I used VSCode with PlatformIO for the development of the sketch of this experiment. And here are the sections of platformio.ini where the mentioned target boards are configured

[env:ESP32CAM]
platform = espressif32
board = esp32cam
framework = arduino
lib_deps =
    https://github.com/trevorwslee/Arduino-DumbDisplay#develop
build_flags = -DFOR_ESP32CAM


[env:LILYGO_TCAMERA]  ; v7
platform = espressif32
board = esp-wrover-kit
framework = arduino
lib_deps =
    https://github.com/trevorwslee/Arduino-DumbDisplay#develop
build_flags =
    -DBOARD_HAS_PSRAM -mfix-esp32-psram-cache-issue
    -DFOR_LILYGO_TCAMERA


[env:LILYGO_TCAMERAPLUS]
platform = espressif32
board = esp32dev
framework = arduino
upload_speed = 921600
board_build.partitions = huge_app.csv
lib_deps =
    bodmer/TFT_eSPI @ ^2.5.30
    https://github.com/trevorwslee/Arduino-DumbDisplay#develop
build_flags =
    -mfix-esp32-psram-cache-issue
    -DBOARD_HAS_PSRAM
    -DCONFIG_MFN_V1=1
    -DCONFIG_S8=1
    -DFOR_LILYGO_TCAMERAPLUS


[env:LILYGO_TSIMCAM]
platform = espressif32
board = esp32s3box
framework = arduino
board_build.partitions = default_8MB.csv
lib_deps =
    https://github.com/trevorwslee/Arduino-DumbDisplay#develop
build_flags = 
    -DBOARD_HAS_PSRAM
    -DFOR_LILYGO_TSIMCAM

Notice that with PlatformIO config like the above, the target board selection macro required by the sketch is already defined when you choose the correct PlatformIO config.

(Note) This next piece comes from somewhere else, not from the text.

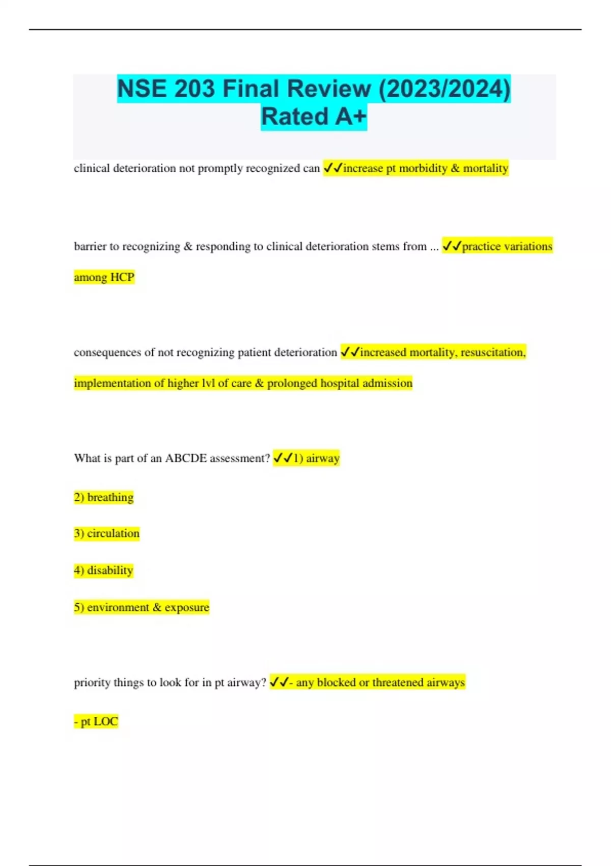 NSE 203 Final Review (2023/2024) Rated A+ clinical deterioration not promptly recognized can increase pt morbidity & mortality barrier to recognizing & responding to clinical deterioration stems from ... practice variations among HCP consequences of not recognizing patient deterioration increased mortality, resuscitation, implementation of higher lvl of care & prolonged hospital admission What is part of an ABCDE assessment? 1) airway 2) breathing 3) circulation 4) disability 5) environment & exposure priority things to look for in pt airway? - any blocked or threatened airways - pt LOC - abnormal respiratory assessment findings (ex; stridor) if you suspect neurological trauma when assessing airway you ... start w/ triple airway maneuver!! Triple airway manoeuvre chin lift, jaw thrust, patient oxygen what does vital sign instability & visible patient deterioration tend to occur? in most pts from 6-24 hrs before cardiac arrest clinical deterioration patient compromising *hemodynamic stability, marked by physiological decompensation* accompanied by subjective or objective findings. dynamic state variations in physiological parameters decompensation inability to maintain homeostatic fxn physiologically or psychologically what are indicators of clinical deterioration - sudden and/or unstable changes in vital signs (RR, BP, HR, O2) - for expert nurses, their intuition helps them determine if a patient looks right - skin color changes - decreased LOC assessments to recognize deterioration ABCDE NEWS2 FAST signs during primary survey that are *significantly associated w/ death* ... - partial airway obstruction - poor peripheral circulation - greater than expected drain fluid loss - decreased UO - decreased GCS - abnormal RR - new pain - low O2sat & low BP - alteration in mentation NEWS2 aka national early warning score purpose of NEWS2 - improve detection of & response to clinical deterioration in patients w/ acute illness - provide *standardized approach* to care of deteriorating patient - clear communication - identify a *score* for urgent clinical response what does the NEWS2 score mean? *a high NEWS2 score* identifies a sick patient who is deteriorating & requires *urgent clinical review* what does NEWS2 score evaluate? - RR - O2 Sat - systolic BP - HR - LOC or new confusion - temp what to do if NEWS score is greater or equal to 3 discuss w/ duty nurse/senior colleague, & complete a *sepsis screen for signs of infection* what to do if NEWS score is greater or equal to 6 immediate

Build and upload the sketch, and try it yourself!

Enjoy!

Demo of Camera and Mic Arduino Experiment With TTGO T-Camera Plus and DumbDisplay

I believe it would really be fun to add face recognization feature to the experiment. Until then, have fun and enjoy!

Peace be with you! May God bless you! Jesus loves you!